# Painting a hive with bees already in the hive



## DPBsbees (Apr 14, 2011)

Move them into a newly painted box and then re-paint the old one for another hive or time.


----------



## Tenbears (May 15, 2012)

Yes what DPB said. This also gives you the opportunity to inspect the woodenware and clean off excess propilis, and wax


----------



## Agis Apiaries (Jul 22, 2014)

Always a good idea to have a spare hive anyhow. Get new boxes and paint them. The re-box the hive.


----------



## rwurster (Oct 30, 2010)

I just painted 12 hives with the bees in them with no problems.


----------



## JConnolly (Feb 21, 2015)

First coat or recoat?

If it is the first coat then is the wood still new? If so then it is probably OK. Do it in the evening after they are all in and not crawling on the outside. If the wood is old then it needs to be prepped or the paint won't stick and you'll be wasting time, effort, and paint.

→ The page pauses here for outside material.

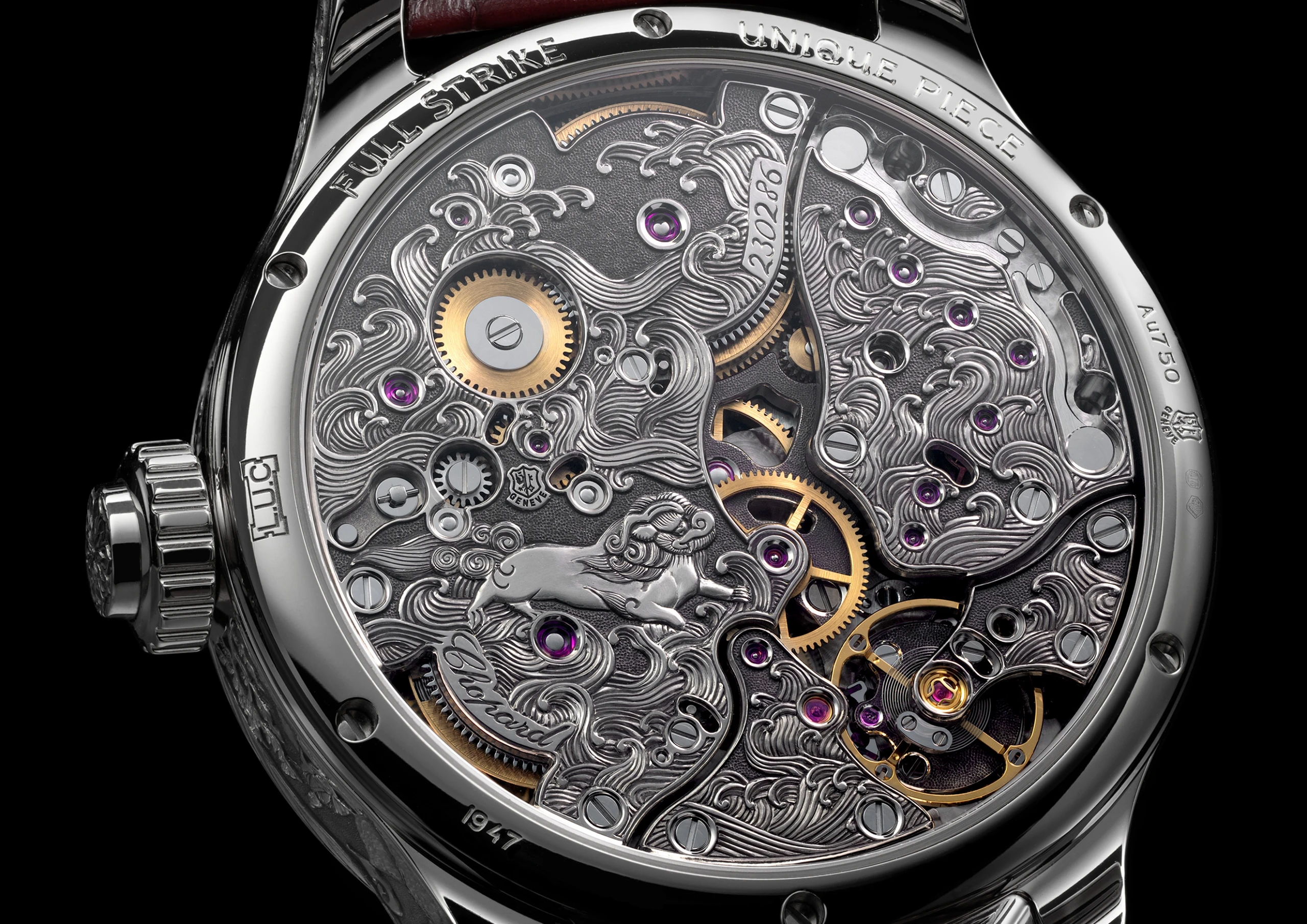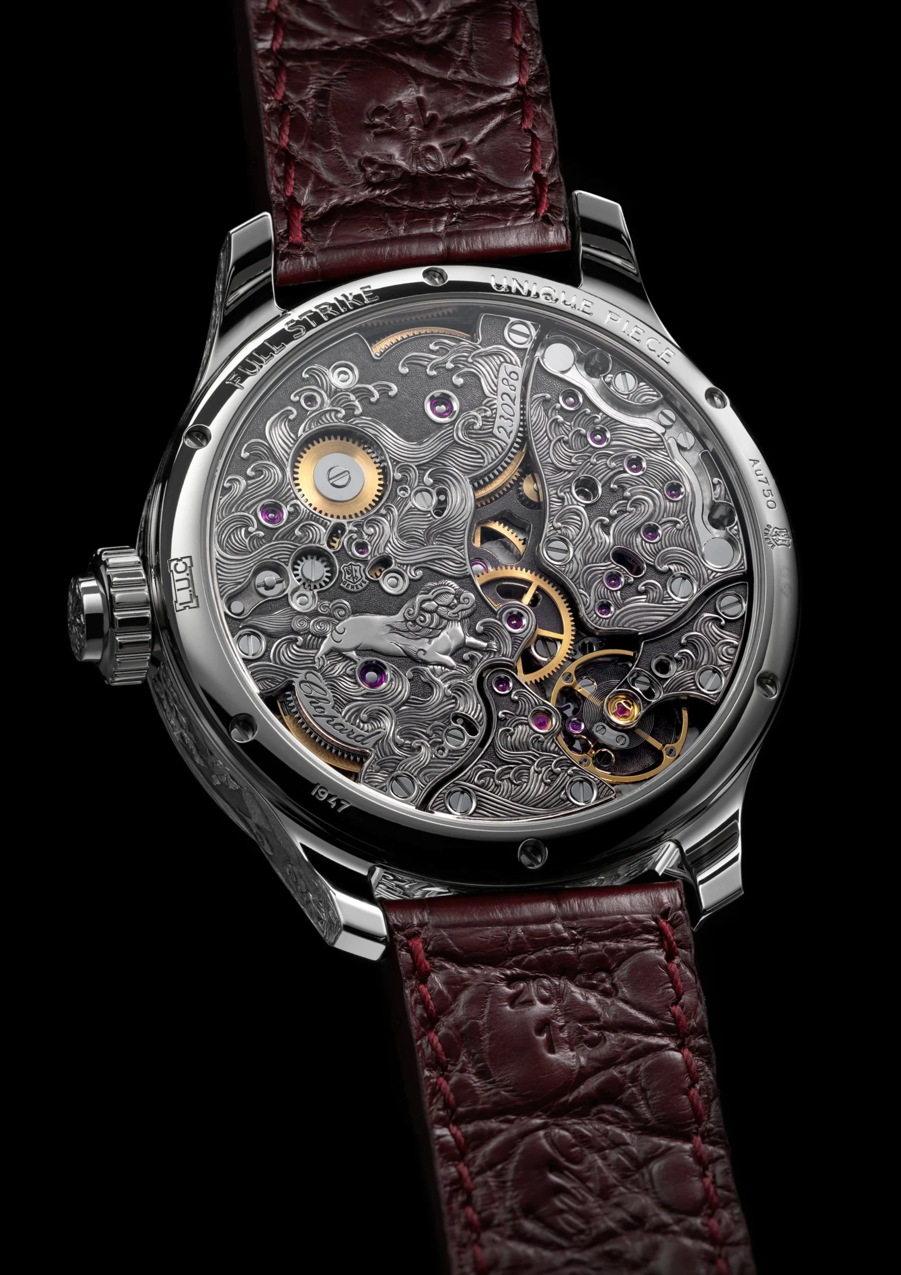 아울러 푸셔 분리 장치(pusher disengagement system)를 적용해 차임이 울리고 있는 동안 푸셔를 누르더라도 작동 메커니즘과 분리되어 시계를 안전하게 보호한다. 별도의 배럴을 장착하여 최대 12회의 완전한 타임 스트라이크를 구현할 수 있으며, 에너지가 부족할 경우에는 타격이 시작되지 않아 불완전한 울림을 방지한다. 또한 일정한 강도로 매 타격을 유지하도록 설계되었으며, 시침, 쿼터, 분침의 울림 간 불필요한 정적을 제거하여 연속적이고 유려한 사운드를 들려준다. 2시 방향의 인디케이터로 타격 메커니즘의 파워리저브와 시계의 60시간 파워리저브를 함께 표시한다.

If this is a recoat then is the paint in good shape and still new? If so then it is probably OK. If the paint is old, then loose paint needs to be scraped and the surface sanded or the new paint will not bond. In that case paint other wooden ware and transfer them into it.


----------



## FlowerPlanter (Aug 3, 2011)

Latex paint no fumes. Dries quick.


----------



## rwurster (Oct 30, 2010)

I painted the new hives I made and had to press into service by putting bees into them. Hosed the hives, primed, painted, painted what was exposed on the bottom boards then ended up giving the remaining hives a new coat of paint also (latex). No problems


----------



## rolftonbees (Jul 10, 2014)

Get a couple of extra boxes. Paint them, move frames over to them, then rework the old ones. You will always need more boxes. More boxes......more.....more


----------



## waynesgarden (Jan 3, 2009)

Yeah it's always good to have extra boxes, but, in the off-chance that money does not grow on trees in your neck of the wood, just paint them with the bees in them. I painted all the hives in two bee yards one day when I didn't have much extra equipment built.

I used latex paint on a warm, sunny afternoon and painted it on lightly so it would not seal the crack between the boxes. Bees did not seem to mind.

Wayne


----------



## gnor (Jun 3, 2015)

I'm not painting the insides, but I do paint the edges of the boxes, so even if I'm re-painting, I will want to take them off so I can do the edges.


----------